Les choses avancent petit à petit, je cherche naturellement des moyens de limiter la quantité de travail, tout en faisant quelque chose d'esthétique. Mais c'est l'organisation, la mise en place qui demande le plus d'efforts.
J'ai pris le parti d'aménager le jardin tel qu'il est, en m'adaptant au terrain. Je ne cherche pas à faire un jardin impeccable, au contraire, je veux lui garder un aspect modeste et échevelé, avec des fleurs du pays, aucun exotisme.
Finalement, même le saule "rakita" serait trop grand pour mon jardin (quoique naturellement, j'ai peu de chances de le voir dans son développement maximum), mais j'ai trouvé une autre variété de saule nain en forme de ballon, qui monte à maximum trois mètres.
J'ai parfois une étrange sensation, ici, une sensation de transplantation. Je suis si fondamentalement ailleurs... Dans un endroit que j'aime, que j'ai choisi mais vraiment ailleurs.

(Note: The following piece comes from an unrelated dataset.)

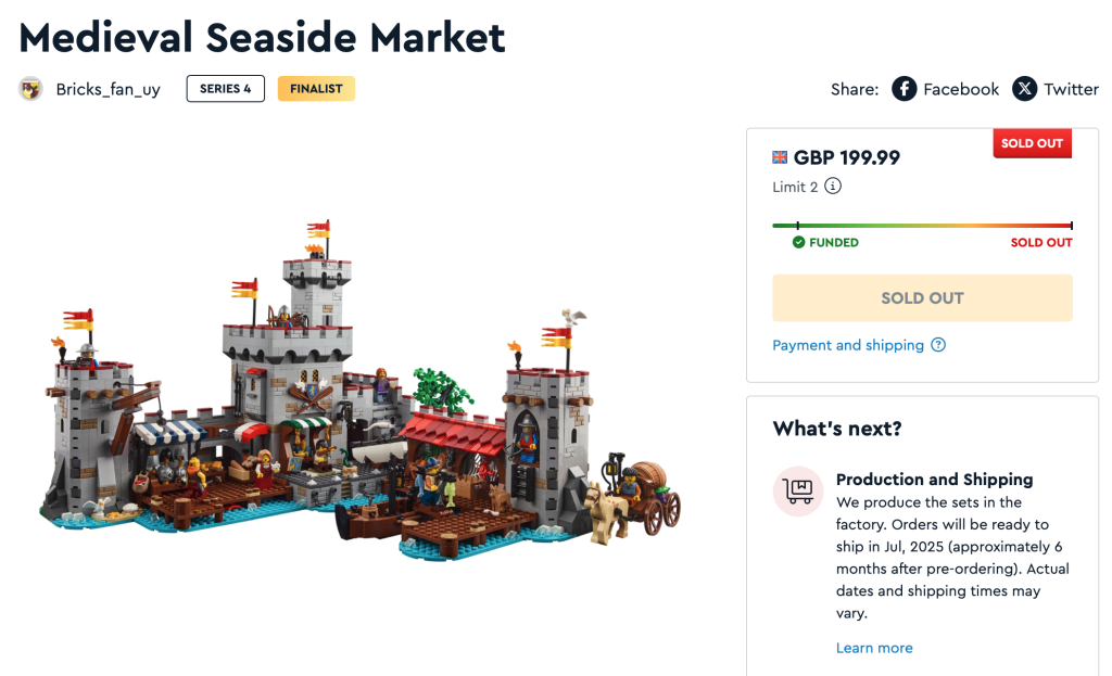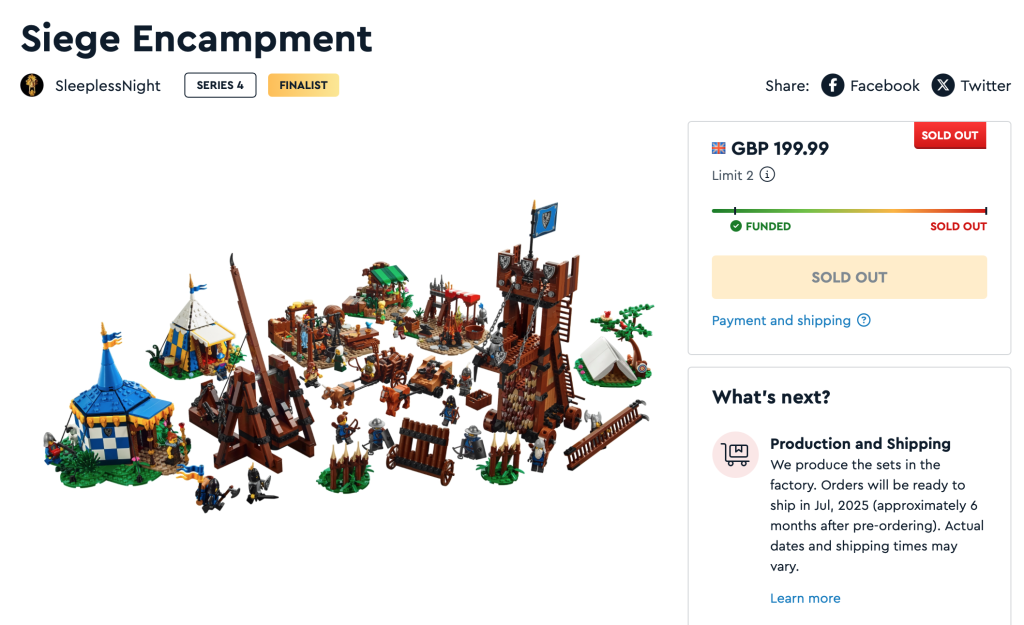 Es ist keine Überraschung, welches der fünf Sets der BrickLink Designer Program Serie 4 sich am schnellsten verkauft hat. Beide LEGO Castle-Modelle waren die ersten, die vollständig finanziert waren und innerhalb weniger Minuten jeweils 3,000 Unterstützer erreichten. Zudem waren sie die ersten beiden Sets, deren Gesamtkontingent von 30,000 Sets verkauft wurde. Tatsächlich waren sowohl „Siege Encampment“ als auch „Medieval Seaside Market“ innerhalb von vier Stunden nach Veröffentlichung ausverkauft, was einmal mehr beweist, dass bei Erwachsenen eine große Nachfrage nach neuen LEGO Castle-Sets besteht.

Tout ce que je lis et vois sur la France, et sur la profonde bêtise d'une partie de mes compatriotes à la cervelle lavée qui se laissent manipuler comme de petites marionnettes me fait froid dans le dos. La seule raison pour moi d'espérer est que le père Placide ait existé, qu'il ait fondé ses monastères, si beaux et si rayonnants, qu'existe aussi Cantauques, des personnalités comme le père Costa de Beauregard ou le père Boboc, j'y vois le signe que Dieu n'a pas abandonné la France, de la même manière que le métropolite Onuphre est la preuve qu'il n'a pas abandonné l'Ukraine.

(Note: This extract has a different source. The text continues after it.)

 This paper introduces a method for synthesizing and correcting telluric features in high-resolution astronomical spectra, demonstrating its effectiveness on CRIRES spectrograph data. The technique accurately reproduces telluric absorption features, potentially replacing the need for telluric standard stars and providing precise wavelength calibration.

Ce serait une bonne chose de traduire les vidéos du père Costa de Beauregard en russe, ses livres, ceux du père Placide, et réciproquement, il y aurait beaucoup de livres russes à traduire en français, mais il me semblerait important que les Russes eussent connaissance de ce qui se passe chez nous de salvateur. Cependant, cela n'est pas du tout dans mes cordes, je fonctionne du russe en français.
Le café français cherche désespérément des collaborateurs qui seraient vraiment intéressés par l'apprentissage du métier de pâtissier boulanger et en particulier quelqu'un qui pourrait seconder Didier et répercuter ses instructions...






dimanche 20 mai 2018

Ascèse


Finalement, j’aime bien l’hiver, parce que je n’ai pas de travail dehors, et la température dans la maison est constante.
J’aime beaucoup jardiner, mais la tâche devient au dessus de mes forces, d’autant plus qu’il faut aussi bricoler dans la maison, ce que je remets à plus tard, et peindre la nouvelle clôture, ce qu’il faut faire avant la fin de l’été.
Les « adventices » sont exubérantes et coriaces, dans mon marécage, et je laisserais certaines parties du jardin à l’état sauvage si je n’avais l’invasion de la berce du Caucase, qu’il faut empêcher de se développer et de grainer , qu’il faudrait exterminer, je ne sais comment, car elle a colonisé toute la partie nord.
Je n’arriverai pas à avoir de potager, même modeste, cette année, je me contente de mettre en place ce qui me permettra peut-être de le commencer l’année prochaine.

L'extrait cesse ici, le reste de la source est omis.